------ Exercise materials ------

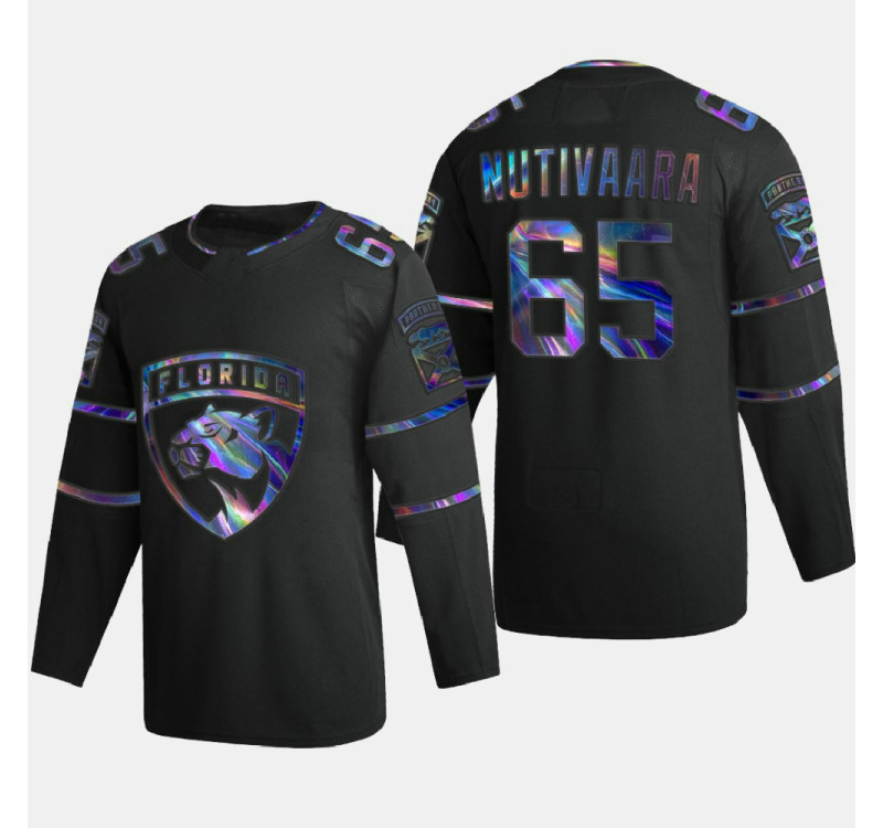 Men's Florida Panthers Markus Nutivaara #65 Iridescent Holographic Authentic Black Jersey
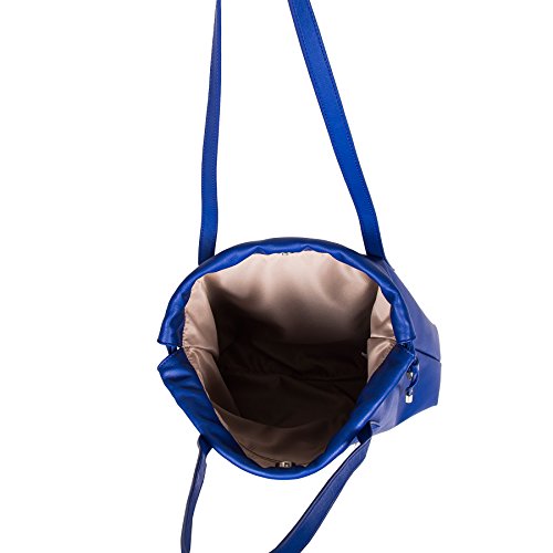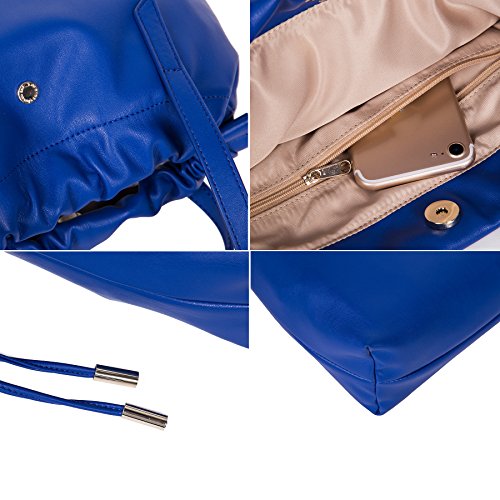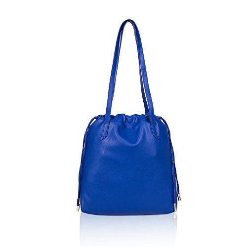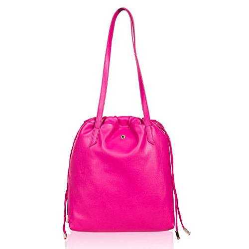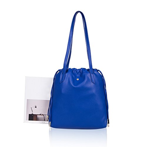 Doudble over shoulder handle straps. Magnetic snap centred closure. Drawstring in function and decoration purpose, end with metal keepers. Inside zipped pocket
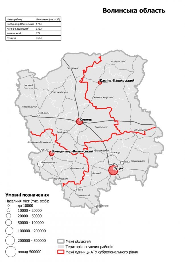 Згідно з документом, у Волинській області буде 4 райони: Володимир-Волинський, Камінь-Каширський, Ковельський, Луцький.
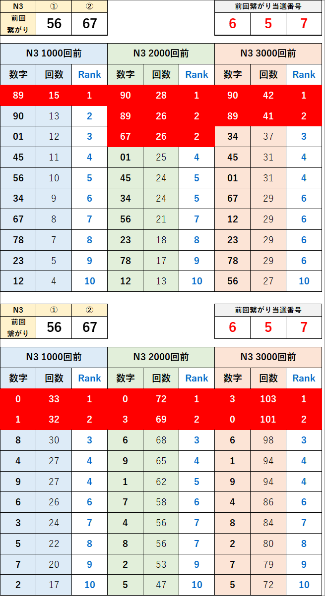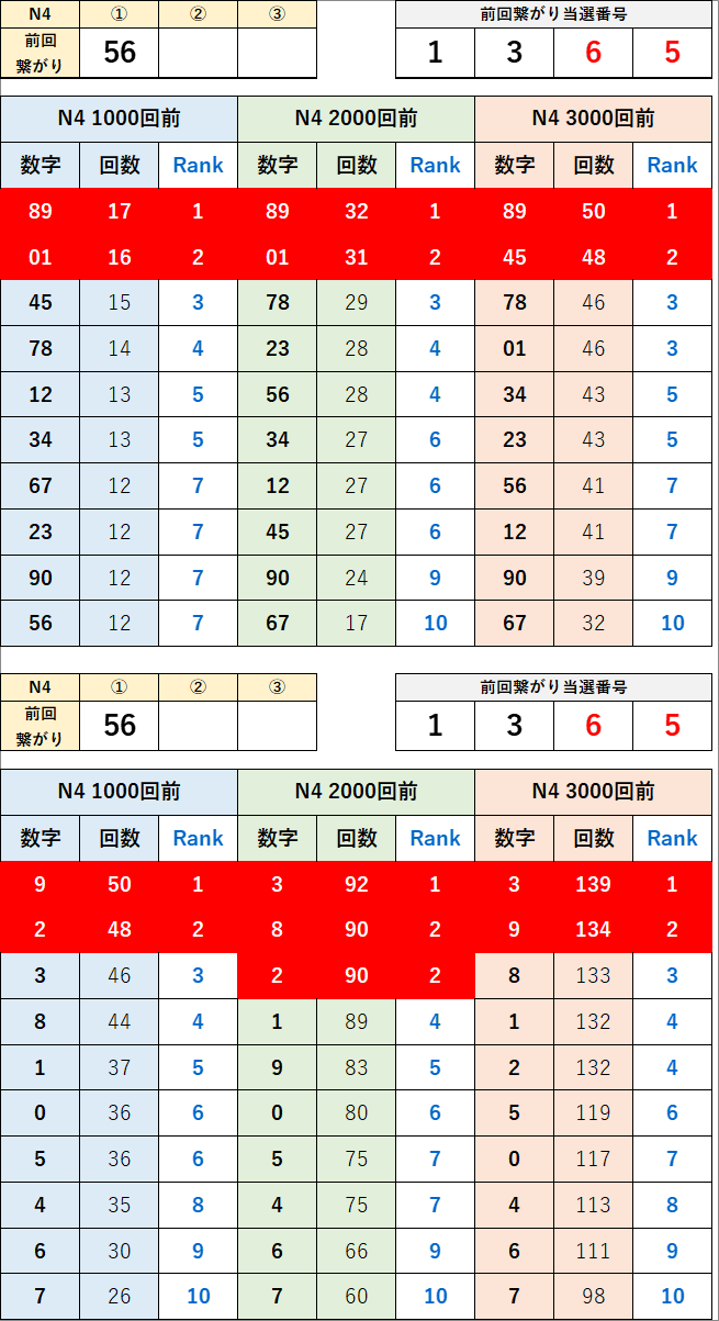 直近の繋がり数字から過去次回に
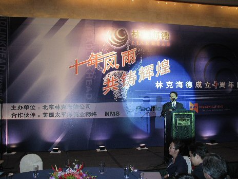 2004年6月10日,林克海德公司在昆侖飯店迎來了十年華誕,林克海德的新朋老友歡聚一堂,齊唱同一首歌。美國NMS總裁Bob,太平洋網絡總裁Tony都遠程趕來祝賀。在過去的十年中,林克海德見證了中國電信增值業(yè)務領域從無到有、從簡單的語音信箱到目前斑斕多彩的彩信業(yè)務的發(fā)展歷程,被譽為國內板卡市場的旗艦,F(xiàn)在隨著中國通信領域電信增值業(yè)務的發(fā)展,林克海德憑借語音增值業(yè)務方面的豐富經驗,成為業(yè)內知名的語音、傳真、數據等多媒體業(yè)務開發(fā)平臺的提供商和系統(tǒng)方案服務商,林克海德公司走進了新的語音時代!

------

What is being asked:
What you need to copy is the run of lines from the one holding "Doudble over shoulder" through the end of the data, exactly and only, both ends included, pictures omitted.

Response to this exercise:
 Doudble over shoulder handle straps. Magnetic snap centred closure. Drawstring in function and decoration purpose, end with metal keepers. Inside zipped pocket
 Згідно з документом, у Волинській області буде 4 райони: Володимир-Волинський, Камінь-Каширський, Ковельський, Луцький.
 直近の繋がり数字から過去次回に
 2004年6月10日,林克海德公司在昆侖飯店迎來了十年華誕,林克海德的新朋老友歡聚一堂,齊唱同一首歌。美國NMS總裁Bob,太平洋網絡總裁Tony都遠程趕來祝賀。在過去的十年中,林克海德見證了中國電信增值業(yè)務領域從無到有、從簡單的語音信箱到目前斑斕多彩的彩信業(yè)務的發(fā)展歷程,被譽為國內板卡市場的旗艦,F(xiàn)在隨著中國通信領域電信增值業(yè)務的發(fā)展,林克海德憑借語音增值業(yè)務方面的豐富經驗,成為業(yè)內知名的語音、傳真、數據等多媒體業(yè)務開發(fā)平臺的提供商和系統(tǒng)方案服務商,林克海德公司走進了新的語音時代!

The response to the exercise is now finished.